STORED DATA Start Marker
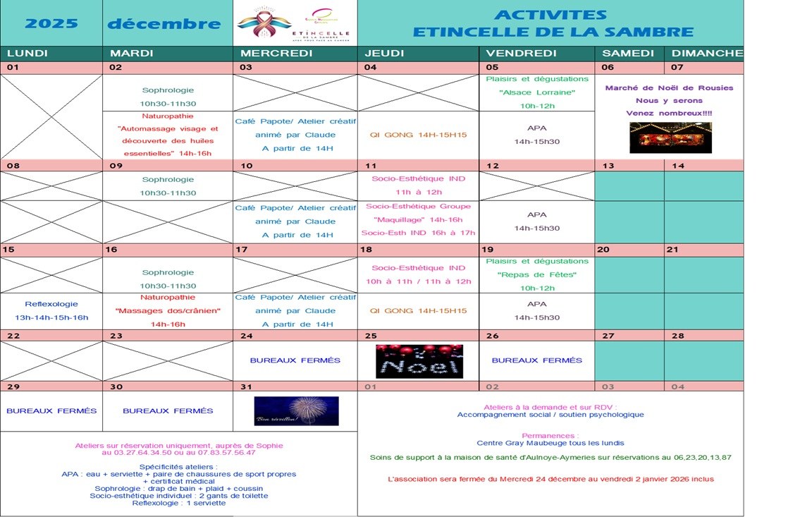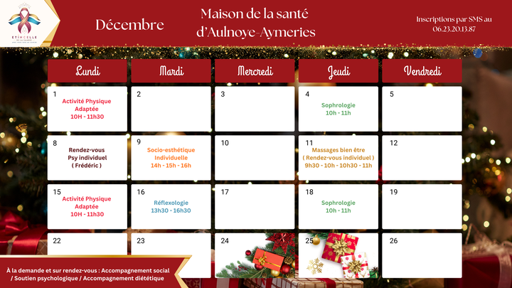 Voici le planning de nos ateliers pour le mois de décembre ainsi que celui de nos soins de support à la maison de santé d'Aulnoye-Aymeries.
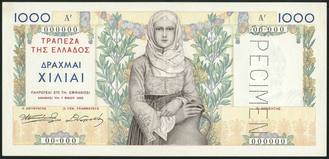 (x) Bank of Greece, specimen 1000 drachmai, 1 September 1935, zero serial numbers, multicoloured, girl with pithos at centre, floral background, reverse multicoloured, woman at centre with pithos, allegorical scenes of industry at left and right
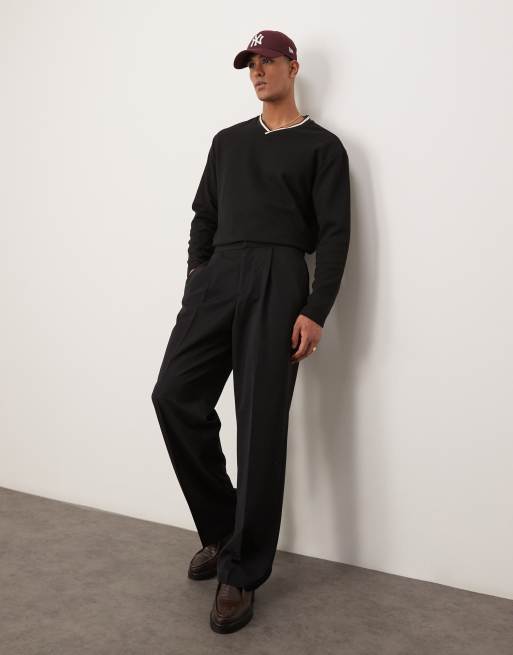 ASOS DESIGN – Elegante Hose in Schwarz mit weitem Bein und elastischem Bund
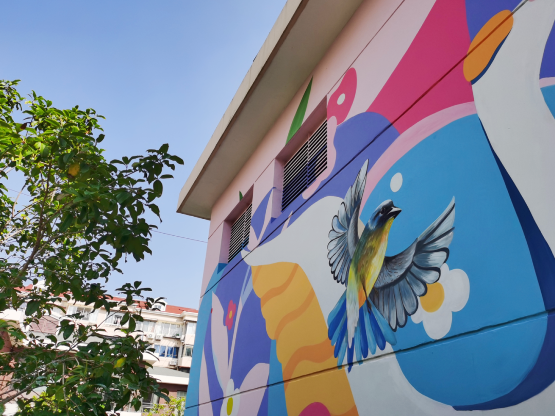 结合调查问卷和定期沟通,新泾五村居委会从居民口中得到了许多建设性意见。今年,在大家的群策群力下,生境花园再添新变化。透水地面绘上了靓丽色彩,原本单调的墙面变身为涂鸦墙,树桩也画上了可爱的动物形象。随着新泾五村无障碍环境改造的提升,生境花园主入口通道处的扶手得以更新,上下高度能兼容不同需求,直径小更易手握,新材质即便是夏季太阳暴晒也不会烫手。
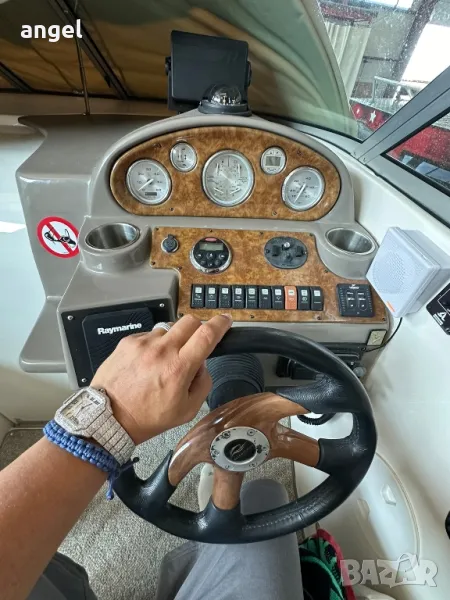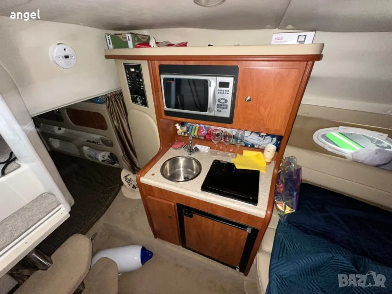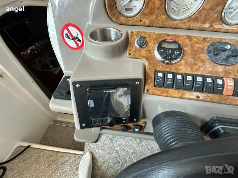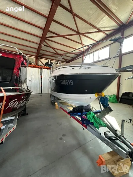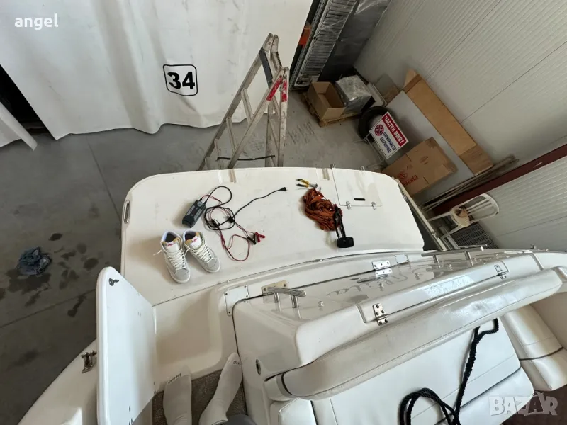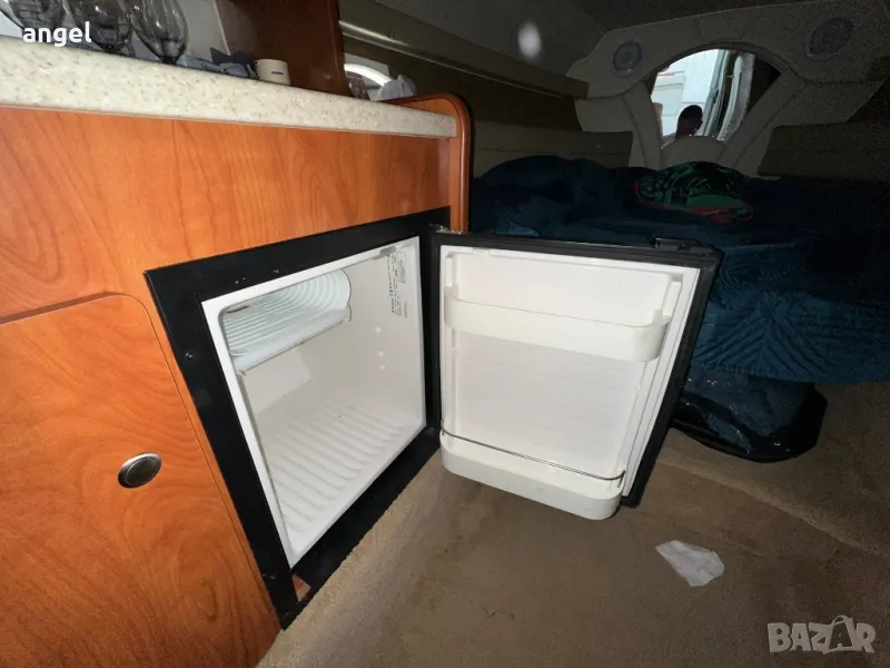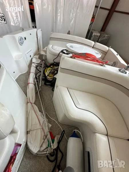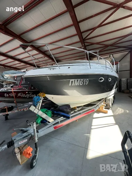 Съхранява се в гараж, на практика е чисто нова. Има две сепарете плюс място за капитана, паулба на носът с шезлонги за 3 или 4 човека, каюта напълно оборудвана с две спални за 4 човека, едната от които става на хол или кухненски бокс /масата е подвижна спрямо желанието за височината /, баня с тоалетна +топла вода , климатик, хладилник, телевизор, влагоустойчива аудио система и колони, резервоар за сладка вода, външен /вътрешен душ, инсталация за док бързи връзки ток и вода, двоен пропилер, две тенти + тента затваряща цялата лодка за зимно използване с прозорци не използвана, оригинално покривало и още мн други екстри.
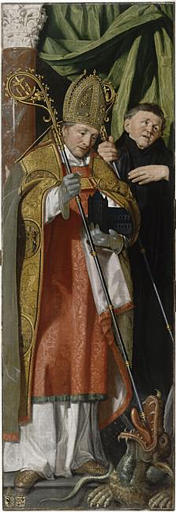 figures (saint Amand de Maestricht, évêque : attribut, abbé) ; dragon (mort) ; effet de tissu
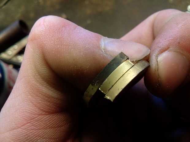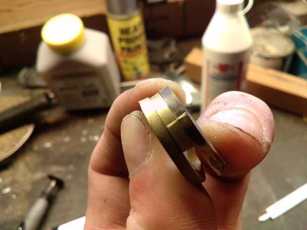 Cuando se encaja la pieza de oro, será demasiado largo y probablemente tienen algunos puntas feas. Pero la corte aún! En primer lugar, decidir qué tamaño debe ser la superposición. No necesariamente tiene que ser del tamaño lo hizo, que es hasta usted para decidir. Uno de los extremos de la plata es irregular de apretar a la toma, y el otro no será un círculo perfecto y dentados. Por lo tanto necesitará cortar ambos extremos y dejar la mejor pieza en el centro. Utilicé una pinza a una longitud específica para marcar dos líneas a la vez, con el pedazo de oro en ya. Así, se llega perfectamente emparejando piezas.
STORED DATA End Marker
> [AIM OF THE TASK]:
Images are not wanted in the copy. Please print the material above exactly.

> [OUTPUT FOR THIS EXERCISE]:
 Voici le planning de nos ateliers pour le mois de décembre ainsi que celui de nos soins de support à la maison de santé d'Aulnoye-Aymeries.
 (x) Bank of Greece, specimen 1000 drachmai, 1 September 1935, zero serial numbers, multicoloured, girl with pithos at centre, floral background, reverse multicoloured, woman at centre with pithos, allegorical scenes of industry at left and right
 ASOS DESIGN – Elegante Hose in Schwarz mit weitem Bein und elastischem Bund
 结合调查问卷和定期沟通,新泾五村居委会从居民口中得到了许多建设性意见。今年,在大家的群策群力下,生境花园再添新变化。透水地面绘上了靓丽色彩,原本单调的墙面变身为涂鸦墙,树桩也画上了可爱的动物形象。随着新泾五村无障碍环境改造的提升,生境花园主入口通道处的扶手得以更新,上下高度能兼容不同需求,直径小更易手握,新材质即便是夏季太阳暴晒也不会烫手。
 Съхранява се в гараж, на практика е чисто нова. Има две сепарете плюс място за капитана, паулба на носът с шезлонги за 3 или 4 човека, каюта напълно оборудвана с две спални за 4 човека, едната от които става на хол или кухненски бокс /масата е подвижна спрямо желанието за височината /, баня с тоалетна +топла вода , климатик, хладилник, телевизор, влагоустойчива аудио система и колони, резервоар за сладка вода, външен /вътрешен душ, инсталация за док бързи връзки ток и вода, двоен пропилер, две тенти + тента затваряща цялата лодка за зимно използване с прозорци не използвана, оригинално покривало и още мн други екстри.
 figures (saint Amand de Maestricht, évêque : attribut, abbé) ; dragon (mort) ; effet de tissu
 Cuando se encaja la pieza de oro, será demasiado largo y probablemente tienen algunos puntas feas. Pero la corte aún! En primer lugar, decidir qué tamaño debe ser la superposición. No necesariamente tiene que ser del tamaño lo hizo, que es hasta usted para decidir. Uno de los extremos de la plata es irregular de apretar a la toma, y el otro no será un círculo perfecto y dentados. Por lo tanto necesitará cortar ambos extremos y dejar la mejor pieza en el centro. Utilicé una pinza a una longitud específica para marcar dos líneas a la vez, con el pedazo de oro en ya. Así, se llega perfectamente emparejando piezas.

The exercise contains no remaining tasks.